Anxiety and depression are ongoing, (sometimes) lifelong struggles. Use ALL the tools at your disposal; both the tried-and-true (medication, CBT, etc.) and the new (cannabis, etc.). If one of the tools in your toolbox goes on the fritz, reach in and grab another one. As I’ve said in prior posts – when it comes to managing (your) #mentalillness, you gotta do the homework! Know thyself. Participate in your own healing. Nobody else can do it for you.
In case I haven’t mentioned it before, I’m 54 years old. My more serious foray into cannabis started earlier this year, exploring its benefits and uses as an alternative to big pharma – particularly for anxiety and depression.

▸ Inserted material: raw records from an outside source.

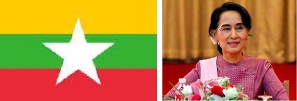 (左)缅甸联邦国旗,(右)缅甸领袖昂山素姬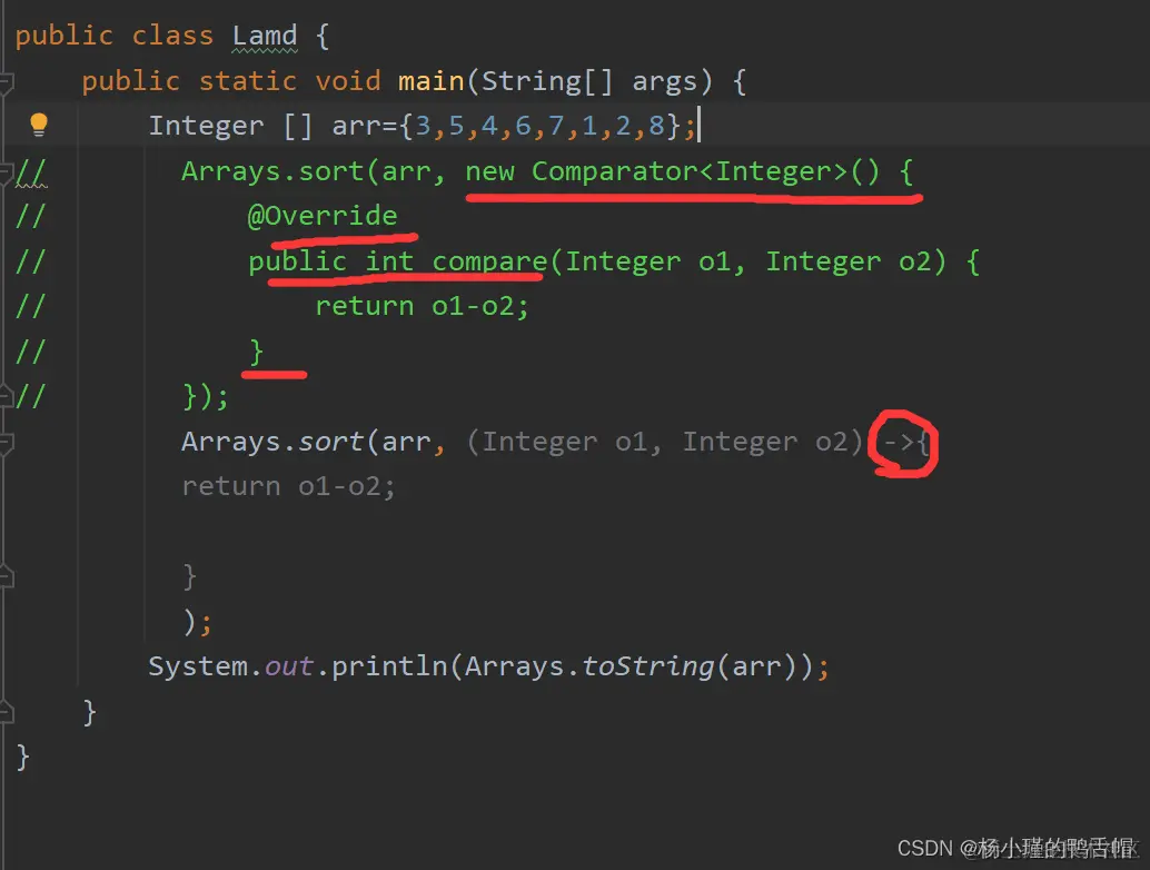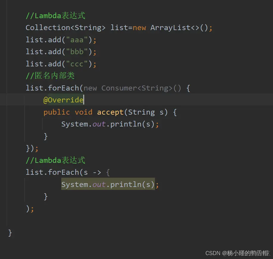 Lamdba表达式的好处:Lamdba是一个匿名函数,我们可以把他理解为是一串可传递的代码,它可以写出更加简洁,灵活的代码 。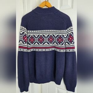 Izod sweaters are always in style and never disappoint. This thick fisherman style peacoat blue sweater will keep you warm on those cold chilly days.
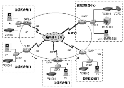 系統(tǒng)骨干網(wǎng)絡(luò)為民政廣域網(wǎng),該網(wǎng)提供512Kbps帶寬(幀中繼)的傳輸信道。整個系統(tǒng)以北京總部為中心,覆蓋全國37個省、自治區(qū)、直轄市以及計劃單列市的民政部門,成為電子政務(wù)標(biāo)志性工程——“數(shù)字民政”的一個重要組成部分。
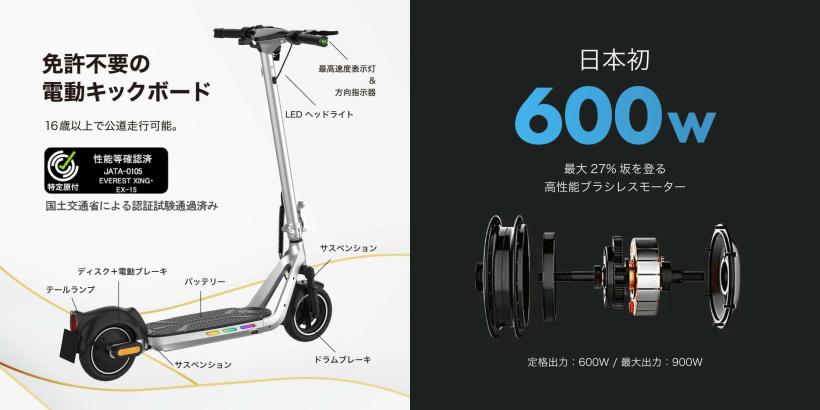 業界最強600Wモーターのパワフルな電動キックボード。Bluetooth アプリコントロールを搭載!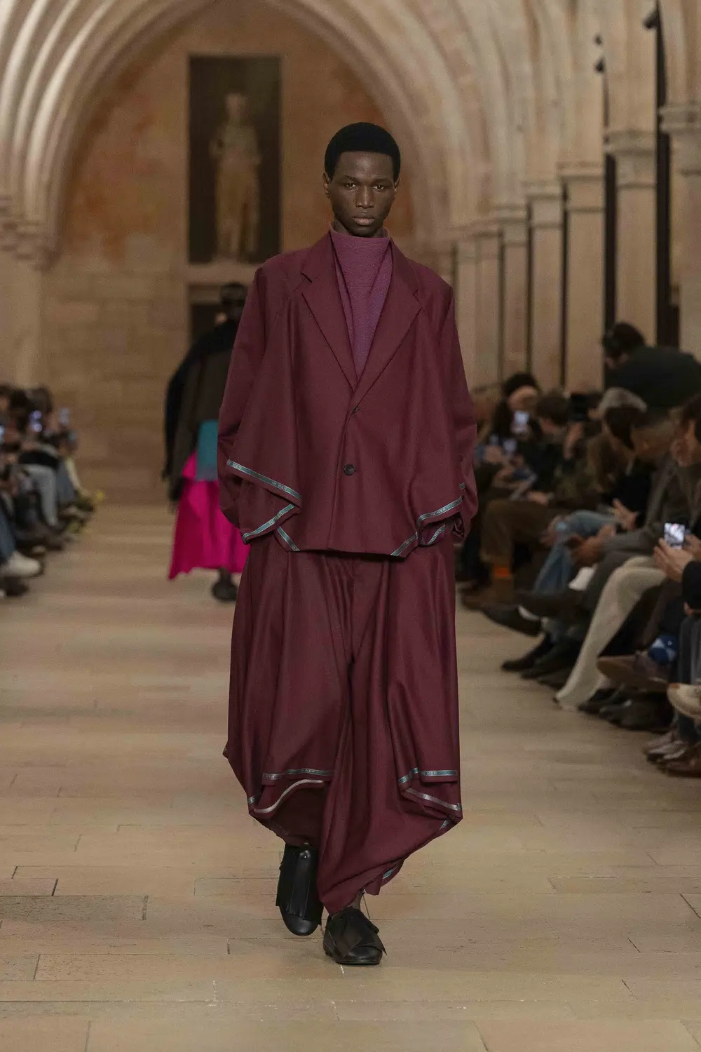 ファーストルックはまさに、形ではなく在り方としてのフォーマルを提示する一着となっていた。
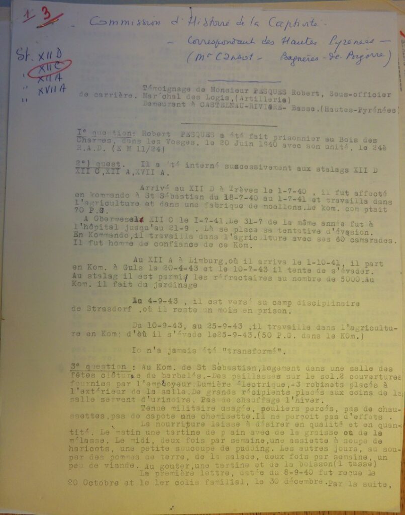 #### SRC3 ANJSC_72AJ299 P1090658.jpg, rapport PG FRA PESQUES Robert apres son retour en France Libre apres de multiples tentatives d’evasion; le premier Stalag etait le XII D avec un sejour au Kdo de Sankt Sebastian de Juillet 40 a Juillet 41; travaille dans l’agriculture et fabrique de moellons:
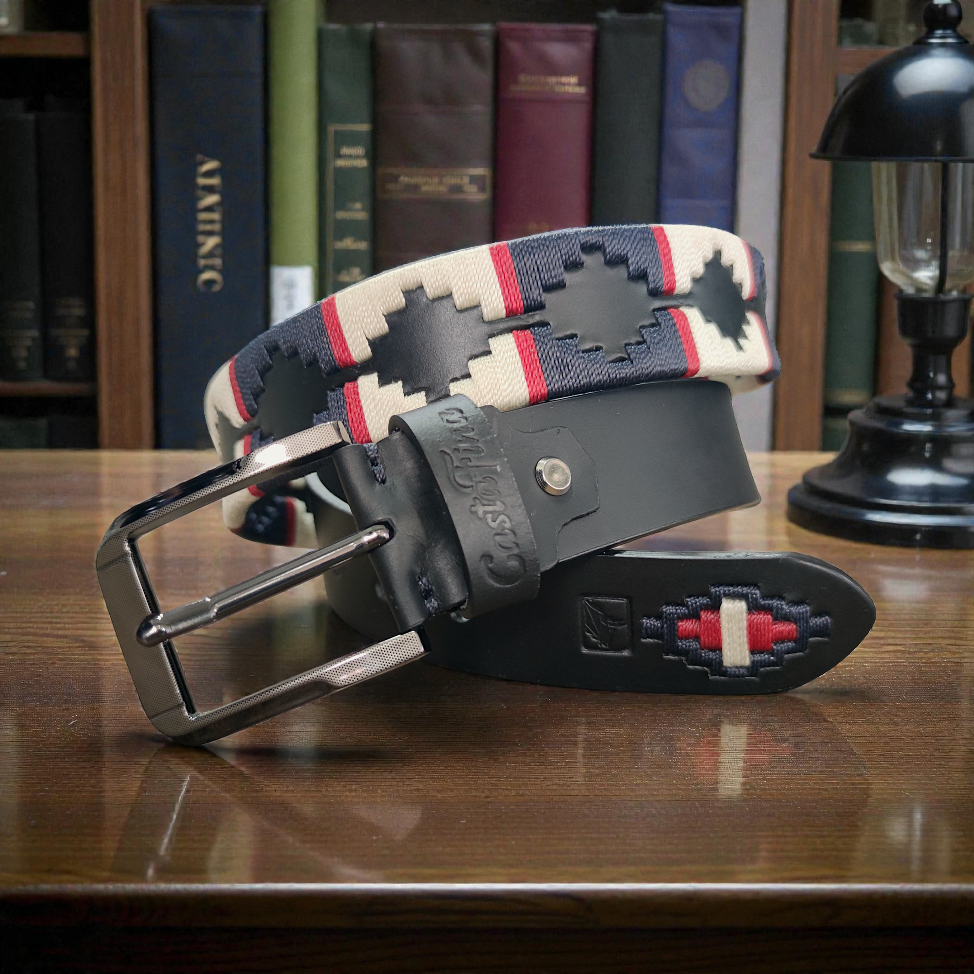 Una pieza creada para hombres que entienden el verdadero significado de la elegancia clásica. El cuero negro profundo se combina con un tejido artesanal en hilos beige y azul noche, acompañado de sutiles apliques rojos que aportan carácter y personalidad sin perder sobriedad. Un cinturón de 4 cm de ancho, firme y equilibrado, pensado para acompañar cualquier estilo con distinción real.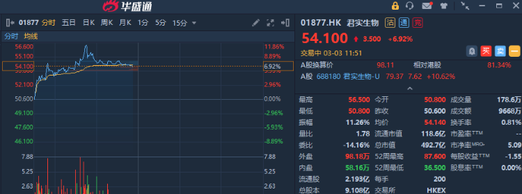 君实生物今日早盘一度涨逾11%,午盘收涨6.92%。公司发布公告称,从国家药品监督管理局网站查询获悉,与迈威生物合作开发的阿达木单抗注射液用于治疗类风湿关节炎、强直性脊柱炎及银屑病的药品上市许可申请已处于“审批完毕-待制证”阶段。该状态表示国家药监局已审批完毕,其相应行政部门正在制作药品注册批件。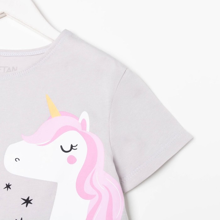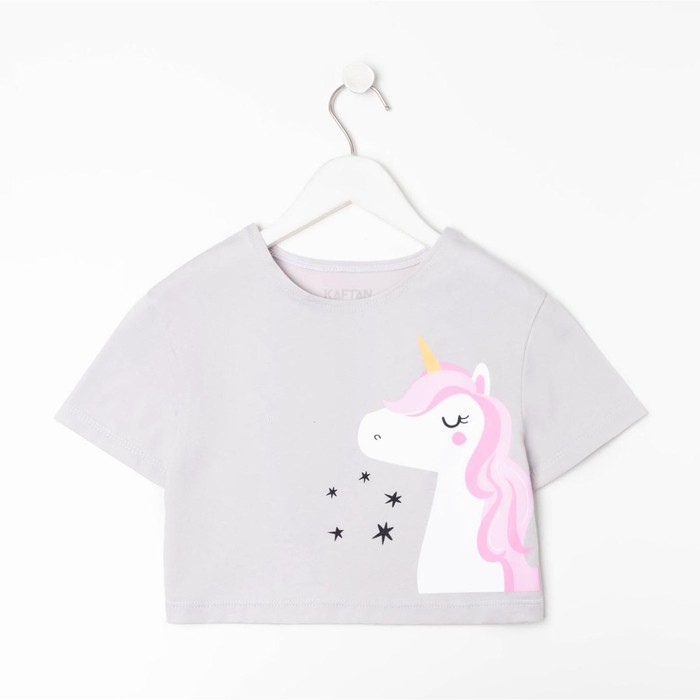 Футболка для девочки укороченная KAFTAN: Unicorn, размер 34 (122-128 см), серая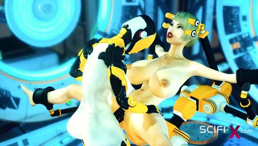 セックスふたアンドロイドの新バージョン。エッチでキュートな若いブルネットがペニスをしゃぶって犯される

Before that, and excluding the one time I tried it in high-school (one hit), I started partaking in recreational cannabis in 2015, occasionally (once or twice a year) shared a joint with friends.
Cannabis consumption felt good. It made me happy. I laughed… a lot… great, big cathartic laughs! It was fun and it helped me temporarily escape the stresses in my life. Because it was illegal in Canada, and because of the overall stigma cannabis has suffered in the past, I obviously shied away. Oddly (or is it), I had no problem whatsoever drinking alcohol to help me get through a rough day/week/month. I wouldn’t say I became an alcoholic, but my wine consumption rose to about 3-4 bottles a week! For me, that was a lot! No wonder I now have fatty-liver disease (a story for another day).
As you can imagine, it was just a matter of time before the everyday alcohol consumption collided with the occasional cannabis consumption and I experienced my first (and last) serious alcohol/cannabis crossfade (a term my son-in-law taught me).
It was New Year’s Eve 2015 and a few family and friends came over to ring in 2016. We were drinking and someone suggested we have some cannabis. I was all in! Things at work were more and more hectic and I was more than delighted by the prospect of losing myself in the occasion.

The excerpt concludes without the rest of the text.